Task details
Where the line containing "PSH Pilot Program" appears, begin retyping; continue exactly through the final line of the data. Omit every picture.

Stored items:
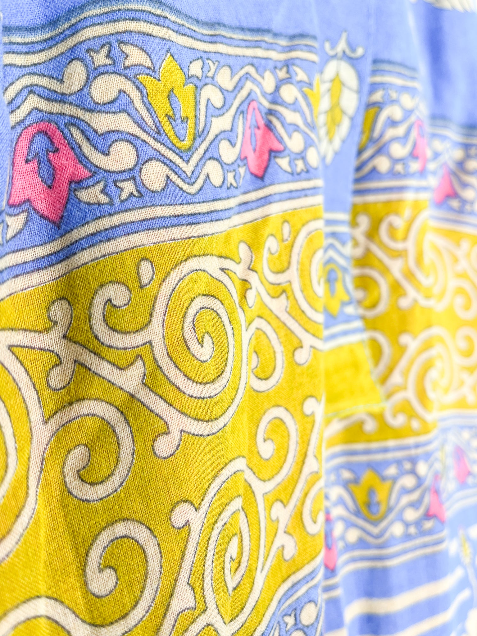 Made from vintage cotton sarees featuring traditional floral prints and vibrant hues, these pants are a celebration of timeless design. Their loose, flowing wide legs ensure ultimate comfort and freedom of movement, while the Adjustable front tie waistband with back-half elastic gives you control for desired fit.
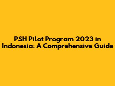 PSH Pilot Program 2023 In Indonesia: Everything You Need To Know
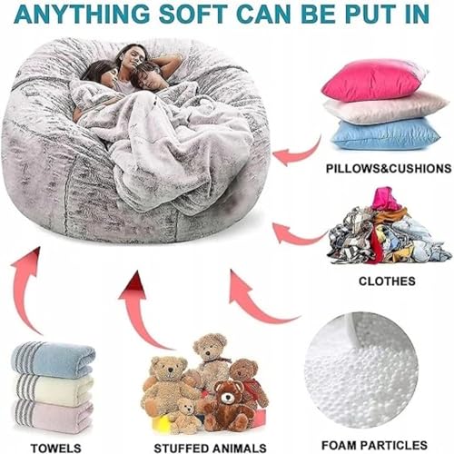 Storage Bean Bag Chair Cover(No Filler) for Organizing Plush Toys Or Textile,Pv Fleece Washable Large Bean Bag Chairs Cover for Adults for Living Room Bedroom Furniture (Light Grey, 5FT)
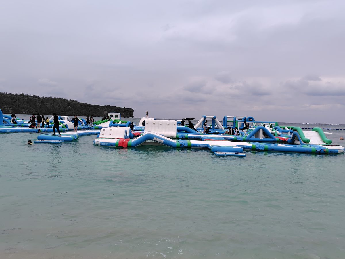 アスレチックにたどりつくまでに海の中に入らないといけないので、最初から修行のような感じでしたが、フロートに上がると子供はテンション上がり走り回っていました。
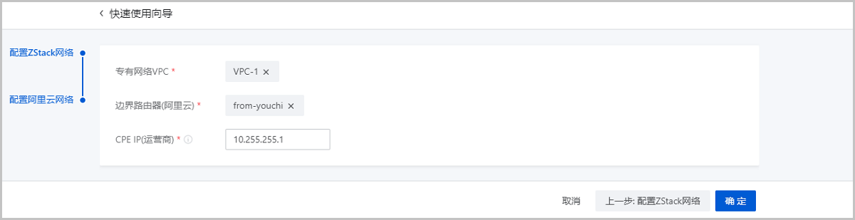 ZStack Cloud支持阿里云高速通道方式实现本地VPC网络与阿里云VPC网络的互通。
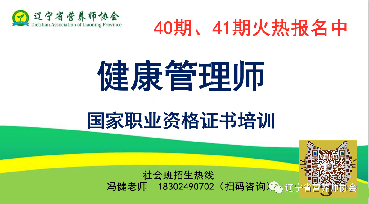 辽宁省营养师协会【健康管理师】第40期、41期热招中,愿意加入健康行业,共创未来的同仁赶紧行动吧!
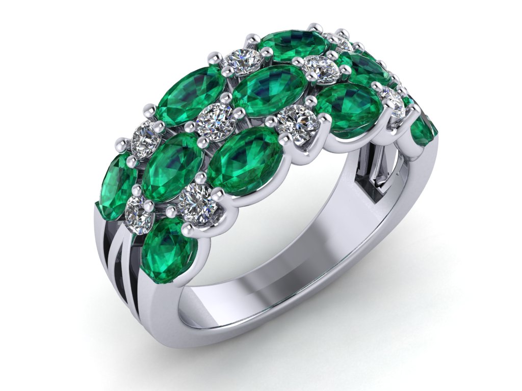 18KW Custom Three Emerald Cut Diamond Fashion Ring

Answer section
 PSH Pilot Program 2023 In Indonesia: Everything You Need To Know
 Storage Bean Bag Chair Cover(No Filler) for Organizing Plush Toys Or Textile,Pv Fleece Washable Large Bean Bag Chairs Cover for Adults for Living Room Bedroom Furniture (Light Grey, 5FT)
 アスレチックにたどりつくまでに海の中に入らないといけないので、最初から修行のような感じでしたが、フロートに上がると子供はテンション上がり走り回っていました。
 ZStack Cloud支持阿里云高速通道方式实现本地VPC网络与阿里云VPC网络的互通。
 辽宁省营养师协会【健康管理师】第40期、41期热招中,愿意加入健康行业,共创未来的同仁赶紧行动吧!
 18KW Custom Three Emerald Cut Diamond Fashion Ring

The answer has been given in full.